I think the answer boils down to what you mean by "knowing" the intervals.
To do this [sing a tune back] you surely need to be able to know the intervals in the tune you have just heard and then replay it back with your voice.
I don't think "knowing" these intervals in order to sing something back means you know if an interval is, e.g., a major or a minor third. When you sing something, you're just mimicking something you already know. There's not necessarily any true "knowledge" here; just ask the countless opera singers that sing for hours in another language without actually knowing how to speak it. They can reproduce the sounds, but they don't fully understand the meaning behind them. The same is true here.

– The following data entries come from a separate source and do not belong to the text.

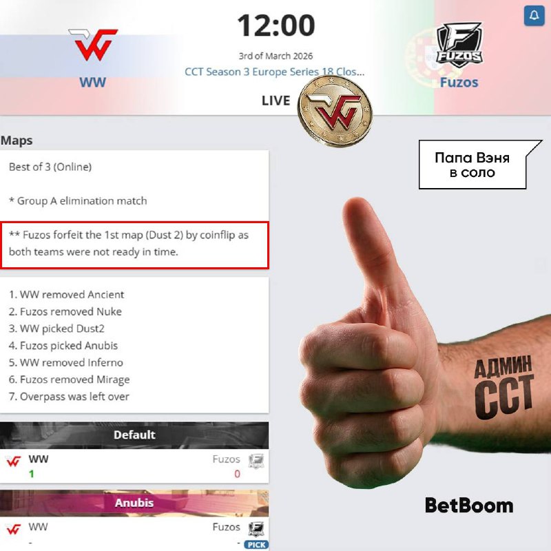 StRoGo случайно выиграл карту, а потом и матч 😁 Обе команды опоздали на игру, поэтому админы CCT бросили монетку 🖥 А позже выяснилось, что у соперников не полный состав, и серия фулл досталась WW T
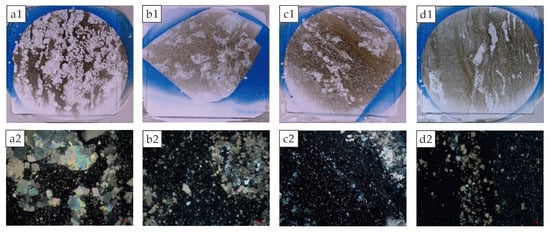 Lucaogou Formation: thin sections of rock and microscopic characteristics ((a1): quartzose siltstone, block conglomerate; (a2): composed of fine sedimentary particles and calcite crystals; (b1): quartzose siltstone, block conglomerate; (b2): composed of fine sedimentary particles and calcite crystals; (c1): siltstone, layered conglomerate; (c2): composed of dolomite crystals; (d1): silt-bearing dolomite, layered conglomerate; (d2): composed of fine sedimentary particles and calcite crystals).
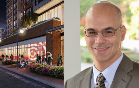 Above: City Manager George Lahanas and image of the planned Target store downtown
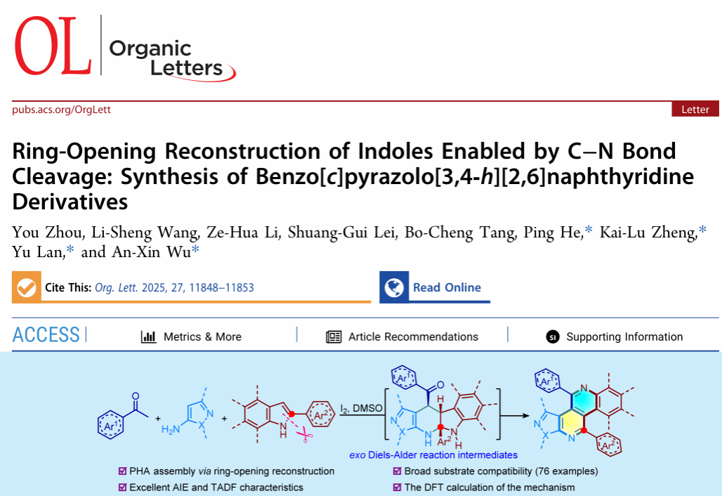 本研究工作是基于华中师范大学吴安心教授课题组深耕20余年所开发的 “I2-DMSO组合试剂系统”作为研究基础,实现基于吲哚C-N键裂解开环的骨架编辑反应,构建苯并萘啶类多环杂芳烃衍生物,同时对其反应机理和光物理性质展开了深入研究。该工作一经发表,便受到了x-mol资讯平台和CBG资讯平台的关注和亮点推介,同时对该研究工作进行了详细的解读,体现出该工作引起了广泛的关注和良好的学术价值。 论文信息:https://pubs.acs.org/doi/10.1021/acs.orglett.5c03710 审核:和平
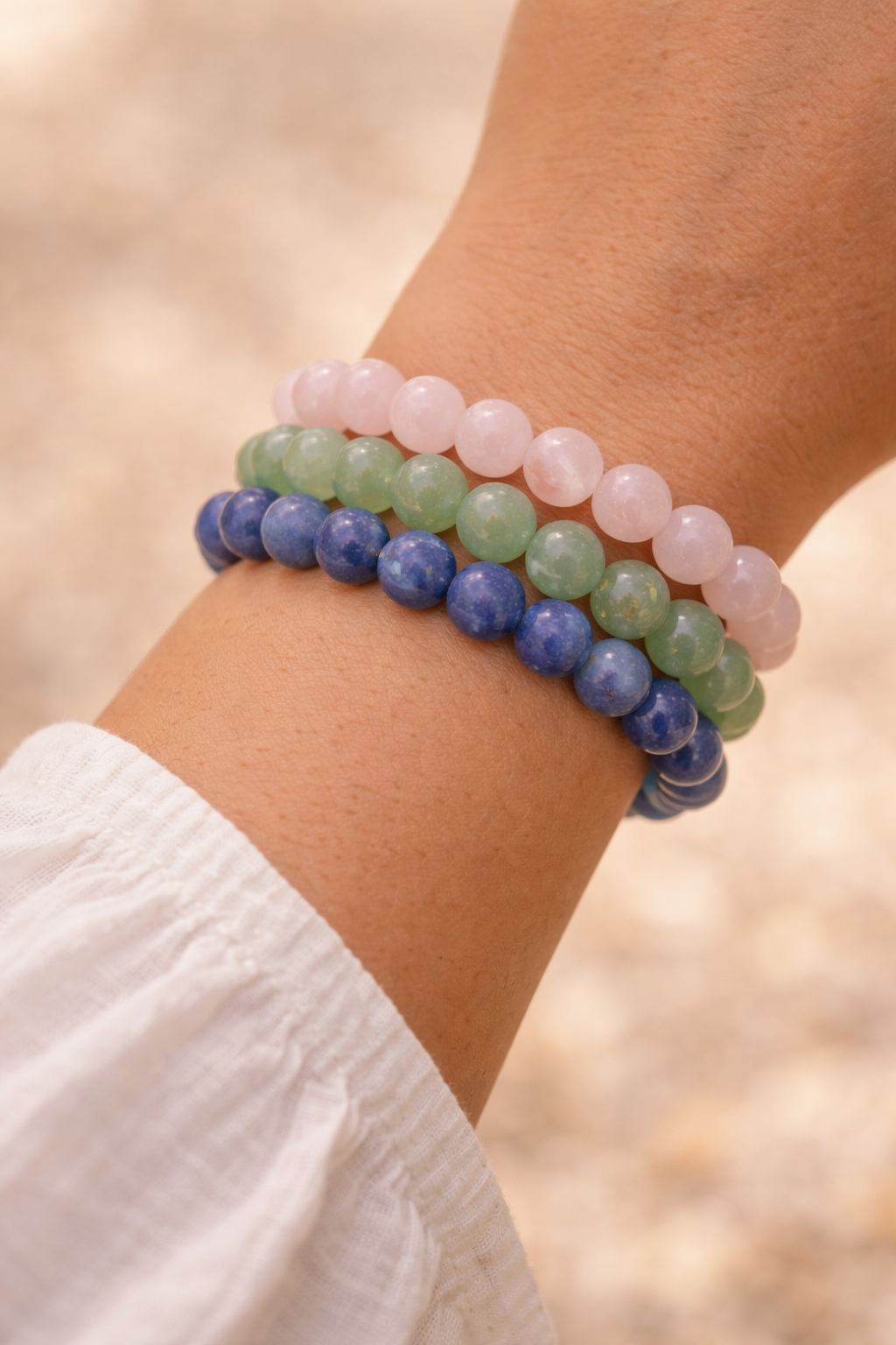 Des bracelets en pierres naturelles pour porter un peu de douceur au quotidien. Chaque pierre, choisie pour sa beauté et ses vertus.

But there's an added wrinkle: intervallic ear training is problematic because it's teaching you intervals within a very specific functional context. People use "Somewhere Over the Rainbow" as an ascending octave, but it's really an ascending octave from scale-degree 1 up to another scale-degree 1. If you're singing scale-degree 3, thinking of "Somewhere Over the Rainbow" won't always be helpful; you may well sing up to scale-degree 1 (a minor sixth), not an octave up to scale-degree 3.
As another example, people can know what a major second is (it begins "Happy Birthday"), but they may only be able to recognize it accurately when it's between scale-degrees 5 and 6 in major (as it is in that tune). They'll likely have some problems hearing—and definitely creating without prior reference—that same major second between scale-degrees 3 and ♯4.